The Advantages of Self-Teaching into the Automated Device Programming Process

Modern Automated Programming Systems (APS) are expected to handle hundreds of different packages while maintaining high uptime, high first-pass-yield and near 100% quality.  At the same time, package proliferation, the trend towards shrinking devices and the need to set up multiple jobs per shift has placed more emphasis on the need for skilled operators to set-up and teach new jobs.

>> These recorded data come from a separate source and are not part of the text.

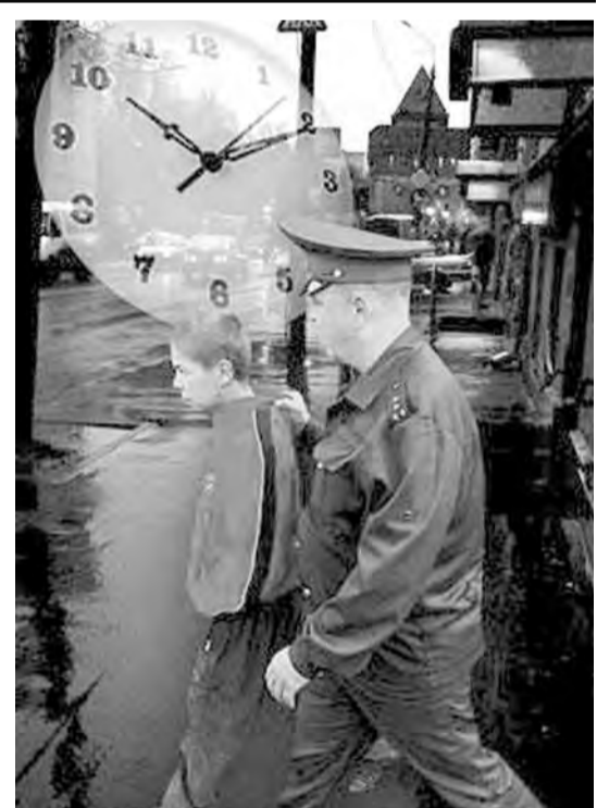
● Ночью – только с родителями или... полицией.

В целях предупреждения в дальнейшем преступлений со стороны несовершеннолетних
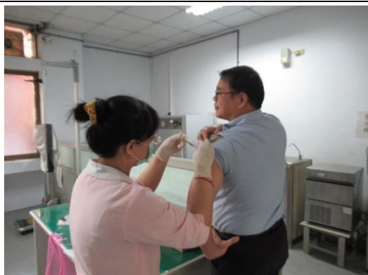
113 年 10 月 21 日辦理收容學生與同仁疫苗接種
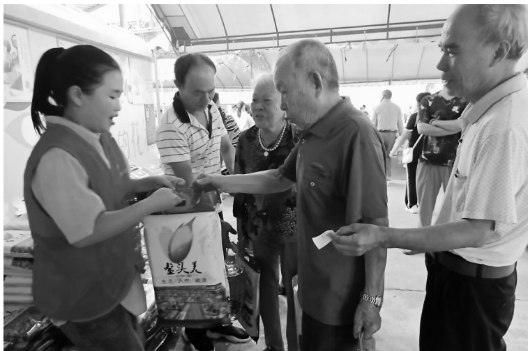
80岁以上老人喜领慰问品。

厕5处，拆除违章建筑15处，废弃猪牛栏、泥砖危房23户总面积1600平方米，生活垃圾实现村收集镇转运，道路硬化率达80%以上，亮化工程100%全覆盖，从干净整洁村升级为美丽宜居村。雨污分流排污系统七条村全覆盖，文明、文章、园子坡、博鉴仔四条自然村自来水旧管网全部更换。为了给老年人提供一个学习、娱乐、休闲、健身的场所，使老年人老有所学、老有所乐、老有所教，让老人们安享幸福晚年，现在正在筹备在德南自然村建设老年人活动室、长者饭堂、党建公园等。
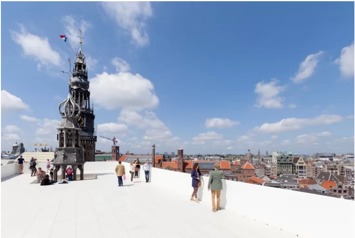
The Garden Which is The Nearest to God van Taturu Atzu

In many markets, job lot sizes can be relatively small, from a few hundred to a few thousand devices.  Programming times vary based on file sizes and impact the effective production rate of the APS.  With typical production run-rates of 1,000 devices per hour, it is easy to see that efficient job set-up is critical to machine utilization and real production output per shift. Small chip-scale packages and device pitch as small as 0.35mm push the capability of many APS solutions and make job setup challenging, even for skilled operators. If pick and place teach locations are incorrect, highly repeatable automated machines will effectively reproduce those human-induced teach errors, leading to quality issues or defects. Latent failures are particularly important to all manufacturers because it diminishes the reliability and value of end products, leading to even more severe failures and higher support costs downstream.

Using teaching methods where the operator has to manually pick and place devices for each socket teach location, then guide the automated machine to manually teach the critical z-height of the device in-socket through human observation is cumbersome, time-consuming and potentially inaccurate.  Job set-ups using this traditional manual process can take 30 minutes to an hour or more when socket count is high, decreasing valuable production time. The solution is to use automated self-teaching for each job.

A Better Set-Up Process

With fully-automated self-teaching, operator involvement in the job set-up process is greatly reduced. The initial job set-up of input/out locations and peripherals is familiar. Blank devices in media (tape, tray, tube) are loaded and Input/Output peripheral locations are taught.  From that point, the process becomes radically different and more productive. The operator simply places a blank device in Site1, Socket A and executes a command to begin the auto-teaching process. This is the only time the operator is required to manually place a device in-socket. Next, the pick head moves to the initial Socket A location. The nozzle then moves down and automatically detects the top of the device in the socket, accurate to within 15 microns.  Now that the initial device and z-height have been taught, the machine subsequently picks devices from the input location and teaches sockets and sites “1-n” respectively. As each site is taught, the programming operation begins immediately without operator intervention until the APS is at full production capacity. In effect, the operator places one device in-socket, pushes a button and the machine teaches and begins the programming job, in parallel. The operator is then available to complete other important duties such as staging, logistics, and planning. System self-teaching is a clearly superior approach to automated device programming.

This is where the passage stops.